Here's an approach using the tidyverse
and purrr
:
library(tidyverse)
useful <- c(" Busti
169 425 Total 2,786 5,259 Franklin
256 410", "Total 1,399 2,915 Arkwright 154 320 Smyrna 179 319 Deposit 110 169")
map(useful, str_squish) %>%
str_split("\\s+")
# [[1]]
# [1] "Busti" "169" "425" "Total" "2,786" "5,259" "Franklin" "256" "410"
#
# [[2]]
# [1] "Total" "1,399" "2,915" "Arkwright" "154" "320" "Smyrna" "179" "319" "Deposit" "110"
# [12] "169"
Alternatively:
map(useful, str_squish) %>%
str_split("\\s+(?=[[:alpha:]])")
# [[1]]
# [1] "Busti 169 425" "Total 2,786 5,259" "Franklin 256 410"
#
# [[2]]
# [1] "Total 1,399 2,915" "Arkwright 154 320" "Smyrna 179 319" "Deposit 110 169"

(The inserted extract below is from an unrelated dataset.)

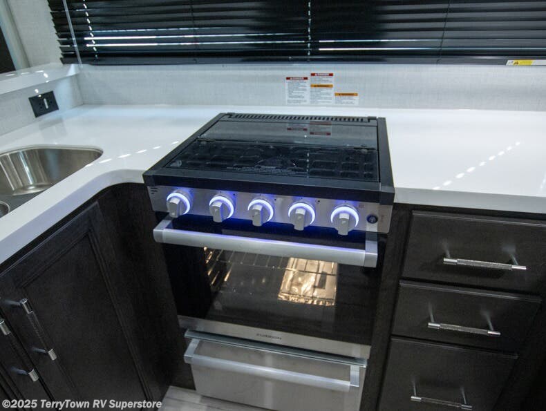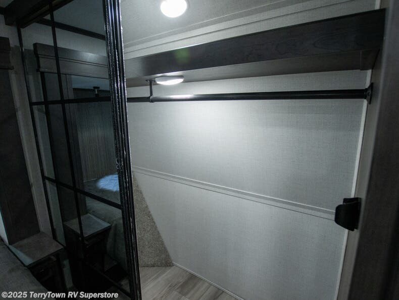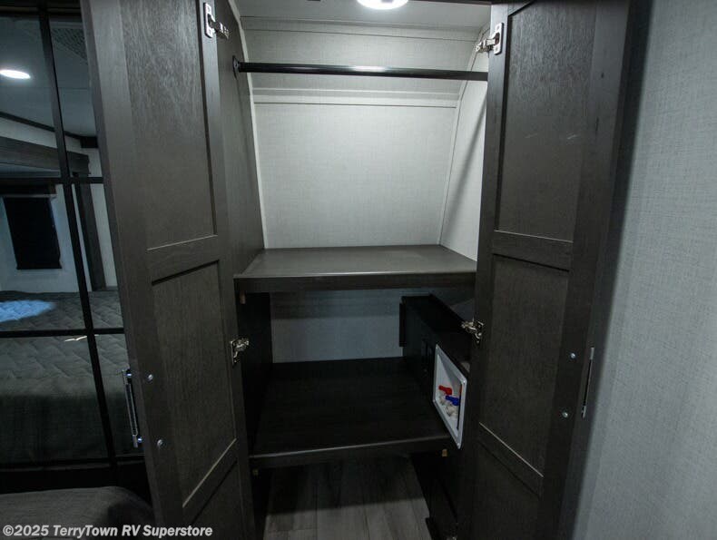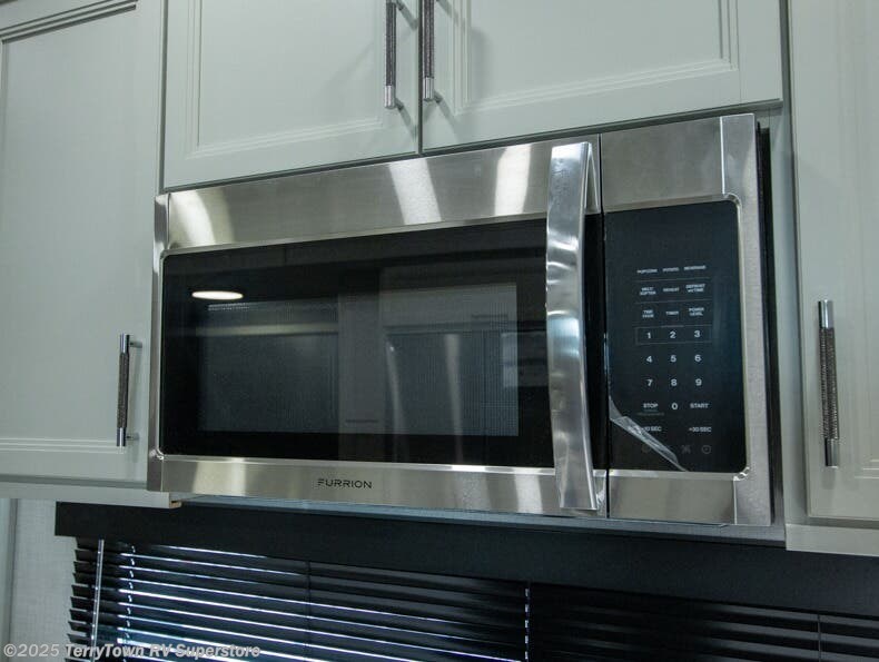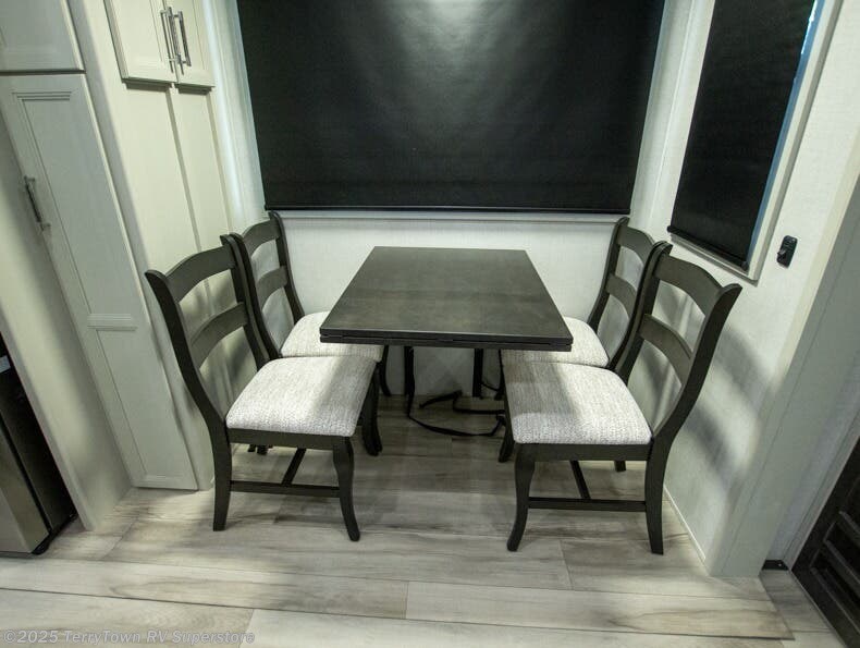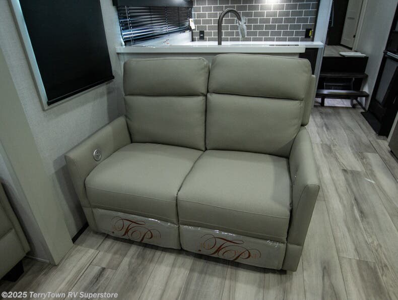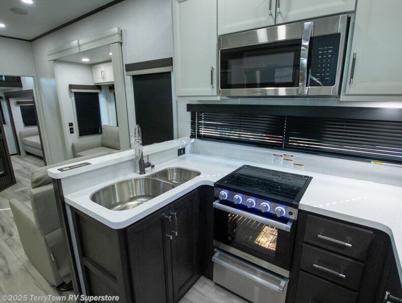 Are you looking for a spacious fifth wheel with space for you and your guests? Look no further than this four slide out unit with dual entry doors, a front master bedroom, and a rear bedroom/den with a loft! There is also a half bath here and a hide-a-bed sofa with storage underneath. You'll find the second hide-a-bed sofa in the living room, along with theater seating, a feature wall with a 50" TV, and a free-standing dinette with chairs where you can dine together. Furrion appliances in the kitchen let you create yummy meals each day, and there is a pantry and residential refrigerator to keep food stocked. Head to the front master bedroom where you can relax on the king bed slide out, store your clothes in the master closet, and easily use the dual entry bath. There is even stackable washer and dryer prep if you want the option to make laundry day easier!

And then you may want to consider...
map(useful, str_squish) %>%
str_split("\\s+(?=[[:alpha:]])") %>%
enframe %>%
unnest
# # A tibble: 7 x 2
# name value
# <int> <chr>
# 1 1 Busti 169 425
# 2 1 Total 2,786 5,259
# 3 1 Franklin 256 410
# 4 2 Total 1,399 2,915
# 5 2 Arkwright 154 320
# 6 2 Smyrna 179 319
# 7 2 Deposit 110 169
Or even...
map(useful, str_squish) %>%
str_split("\\s+(?=[[:alpha:]])") %>%
enframe %>%
unnest %>%
separate(value, c("Group", "Item1", "Item2"), sep = "\\s") %>%
mutate_at(vars(starts_with("Item")), ~ str_replace(., ",", "") %>% as.numeric)
# # A tibble: 7 x 4
# name Group Item1 Item2
# <int> <chr> <dbl> <dbl>
# 1 1 Busti 169 425
# 2 1 Total 2786 5259
# 3 1 Franklin 256 410
# 4 2 Total 1399 2915
# 5 2 Arkwright 154 320
# 6 2 Smyrna 179 319
# 7 2 Deposit 110 169
And finally, if the number of "items" is unknown or of varying length, you'll want to do something like the following and/or reference this question:
map(useful, str_squish) %>%
str_split("\\s+(?=[[:alpha:]])") %>%
enframe %>%
unnest %>%
mutate(to_sep = str_split(value, "\\s")) %>%
unnest(to_sep) %>%
group_by(value) %>%
mutate(row = row_number()) %>%
spread(row, to_sep)
# # A tibble: 7 x 5
# # Groups: value [7]
# name value `1` `2` `3`
# <int> <chr> <chr> <chr> <chr>
# 1 1 Busti 169 425 Busti 169 425
# 2 1 Franklin 256 410 Franklin 256 410
# 3 1 Total 2,786 5,259 Total 2,786 5,259
# 4 2 Arkwright 154 320 Arkwright 154 320
# 5 2 Deposit 110 169 Deposit 110 169
# 6 2 Smyrna 179 319 Smyrna 179 319
# 7 2 Total 1,399 2,915 Total 1,399 2,915
You may want to consider breaking this off into a more specific question, especially now that you are providing the pdf and ask more directly what you are trying to achieve. That being said, I'm not sure the blanks are relevant here, as you could use the following pipeline.
library(pdftools)
library(tidyverse)
text <- pdf_text("https://www.dec.ny.gov/docs/wildlife_pdf/09deerrpt.pdf")
clean_text <-
text %>%
str_squish() %>%
magrittr::extract(., 14:17) %>%
paste(collapse = " ") %>%
# First get rid of the header text
str_remove("New York State Department of Environmental.*TOTAL TAKE. ") %>%
# Now get rid of Page numbers, e.g., Page 14, Page 15
str_remove_all("Page [[:digit:]]{2}") %>%
# Get rid of the COUNTY labels since they're not going to line up anyway...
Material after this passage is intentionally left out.